We think you need these skills to ace Agent Evaluation Intern
Some tips for your application 🫡
Tailor Your CV:Make sure your CV reflects the skills and experiences that align with the Agent Evaluation Intern role. Highlight any relevant projects or coursework in AI, machine learning, or software engineering that showcase your Python skills and interest in evaluation methodologies.
Craft a Compelling Cover Letter:Use your cover letter to tell us why you're excited about this internship. Share your passion for AI systems and evaluation, and mention any specific experiences that have prepared you for this role. Keep it engaging and personal!
Showcase Your Curiosity:In your application, demonstrate your curiosity about LLM agents and their evaluation. Mention any research you've done or questions you have about the field. We love candidates who are eager to learn and explore new ideas!
Apply Through Our Website:Don't forget to submit your application through our website! It’s the best way for us to receive your materials and ensures you’re considered for the role. Plus, it shows you’re serious about joining our team at StudySmarter!

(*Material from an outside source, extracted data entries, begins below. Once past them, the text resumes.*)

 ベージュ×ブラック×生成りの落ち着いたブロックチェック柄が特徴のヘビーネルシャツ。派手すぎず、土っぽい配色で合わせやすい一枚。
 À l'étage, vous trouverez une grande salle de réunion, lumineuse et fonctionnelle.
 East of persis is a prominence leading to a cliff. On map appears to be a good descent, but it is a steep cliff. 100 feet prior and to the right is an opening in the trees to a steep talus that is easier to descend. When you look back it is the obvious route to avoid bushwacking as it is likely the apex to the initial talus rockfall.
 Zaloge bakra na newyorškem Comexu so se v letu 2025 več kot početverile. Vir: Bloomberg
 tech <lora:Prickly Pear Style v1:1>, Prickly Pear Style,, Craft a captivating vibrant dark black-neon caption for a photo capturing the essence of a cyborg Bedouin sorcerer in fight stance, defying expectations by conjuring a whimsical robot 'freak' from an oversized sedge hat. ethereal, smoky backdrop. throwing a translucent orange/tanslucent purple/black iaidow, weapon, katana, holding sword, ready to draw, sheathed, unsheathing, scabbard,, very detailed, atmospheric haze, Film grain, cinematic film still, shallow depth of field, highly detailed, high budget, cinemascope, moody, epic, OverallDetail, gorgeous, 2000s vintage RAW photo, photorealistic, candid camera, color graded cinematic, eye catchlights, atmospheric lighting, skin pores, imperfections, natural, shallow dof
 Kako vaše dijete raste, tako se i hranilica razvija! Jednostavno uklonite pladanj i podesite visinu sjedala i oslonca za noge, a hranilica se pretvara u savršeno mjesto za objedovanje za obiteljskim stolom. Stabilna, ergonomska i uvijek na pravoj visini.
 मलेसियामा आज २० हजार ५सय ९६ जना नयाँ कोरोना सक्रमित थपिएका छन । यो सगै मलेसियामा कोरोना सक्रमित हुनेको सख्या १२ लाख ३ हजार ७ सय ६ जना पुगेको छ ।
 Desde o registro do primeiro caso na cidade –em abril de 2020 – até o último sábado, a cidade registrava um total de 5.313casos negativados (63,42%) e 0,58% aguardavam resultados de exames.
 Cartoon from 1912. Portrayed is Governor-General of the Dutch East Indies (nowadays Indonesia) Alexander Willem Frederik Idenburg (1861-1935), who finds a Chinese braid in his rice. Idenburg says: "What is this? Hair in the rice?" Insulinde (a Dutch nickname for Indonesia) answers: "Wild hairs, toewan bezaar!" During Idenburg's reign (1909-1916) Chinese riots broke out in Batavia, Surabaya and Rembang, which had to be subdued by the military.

How to prepare for a job interview at IMAGE FRAME INVESTMENT (UK) LIMITED
✨Know Your Stuff
Make sure you brush up on the latest trends in LLM agent evaluation and AI systems. Familiarise yourself with the state-of-the-art frameworks and methodologies. This will not only show your enthusiasm but also demonstrate that you're serious about the role.
✨Show Off Your Skills
Be ready to discuss your Python fundamentals and any relevant projects you've worked on. If you've dabbled in data analysis or have experience with LLMs, make sure to highlight these during the interview. Practical examples can really set you apart!
✨Ask Smart Questions
Prepare some insightful questions about the company's approach to agent evaluation and reliability. This shows that you're genuinely interested in the role and helps you gauge if the company is the right fit for you.
✨Be Detail-Oriented
Since the role requires a keen eye for detail, be prepared to discuss how you define clear, measurable criteria for evaluating ambiguous agent behaviour. Share any experiences where your attention to detail made a difference in your work.